In some quarters, it is believed that money makes the world go round. I cannot but agree that it does make some life better – better apartment, memorable vacation to a choice location, good cars to cruise round town etc. This very tool has in its own way made many relationships, as I have seen relationships that started based on material promises that stand up till this moment because the focus has shifted from one party’s opulence to something more substantial.
Sadly though, most relationships that started on this same note witnessed their dusk barely after their birth. Day in and out, I receive mails, calls, and messages from troubled married men and women. For most men, the cause of their heart ache is usually their inability to meet the
financial demands of their wives, and sometimes, children which puts a question mark on their stand as the supposed head of the family. However, when duly x-rayed, one would see that these challenges could be overcome by simple and basic knowledge of how to handle their money. Hence, today’s caption popped up. Sometime ago, I received a mail from a man who claimed that his wife was a reckless spender, but kept accusing him of inability to provide for his family.
In his words,
I am a Pastor of a small church where we have less than 200 congregants most of whom are students. My challenge is that my wife does not know how to manage money at all. I was a successful business man before I moved into full Ministry. We could afford just any thing we wanted. Now, we have a bigger commitment. I am a full time minister, so we have to depend on what my wife brings home , while fully depending on God’s grace for survival. My wife is a middle management staff in a corporate organization. So, what she earns is actually not enough to fund the church and the family. But, if she could slow down on what she spends her money on, we would be better. At a time, I told her this but received the insult of my life.

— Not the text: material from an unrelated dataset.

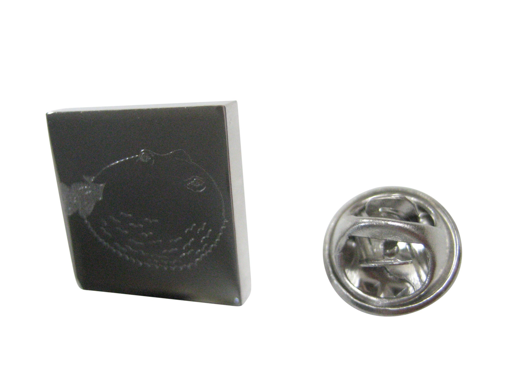 Silver Toned Square Etched Blowfish Fugu Puffer Fish Lapel Pin

She claimed that she needed to “represent” who she actually was in the church, and among her friends. She quoted a Scripture for me, calling me an infidel because I could not provide for my family. That day, I almost withdrew from ministry, so that I could regain my financial stance, and also the respect I am supposed to have in my home…” For the writer of that letter, money makes the world go round. In another development, a young man mailed me:
“ Dear Olaboyede,
How am I supposed to be successful when my girlfriend wants me to meet all her financial needs, and also save money for our future? She expects me to buy virtually everything ranging from under wears to good outfit, give her N10,000 every three weeks to make her hair, recharge her BlackBerry subscription etc. I love her and try to meet MOST of these demands but she still complains. Worse still, she does not want to hear “ I am broke.” Any time she asks me about my monthly target savings and I say I’ve not met it, she pops questions like “If you cannot control your spending when you are still single, how will you do it when you marry me?” and I keep asking myself where all my money goes. I spend on her more than I do for myself…
Without further ado, below are some things you can do to keep your head above water…
• AVOID DEBTS : It is a known fact that because some people want to “feel
among”, they go on loans from friends and family. Sometime ago, a New Generation
bank advertised loans for their customer to buy Diamonds. I could not but wonder how
using diamonds purchased with loans would enhance their economic growth. Also, a new
mobile phone was produced and at the end of it’s advert, it was said “ Africa knows
fashion.”, and sadly enough, many would go out of their way to get those perishable
things, even at the expense of their family’s survival. We should learn to manage
what you have. In the first letter, the writer said his family would have enough IF
THE WIFE WOULD STOP TRYING TO BE WHAT THEY COULD NOT AFFORD. Debts discourage rapid
• GET A BUDGET : Budgeting is a good way to manage your finance. Draw a
budget that the two of you would strictly respect. Ademola Alawiye puts it this way
“Create a firm budget for you and your spouse. You can create a budget in a standard
spreadsheet program and update as needed (but only with the consent of both you and
your spouse)… However, both spouses must meet regularly to make budget decisions.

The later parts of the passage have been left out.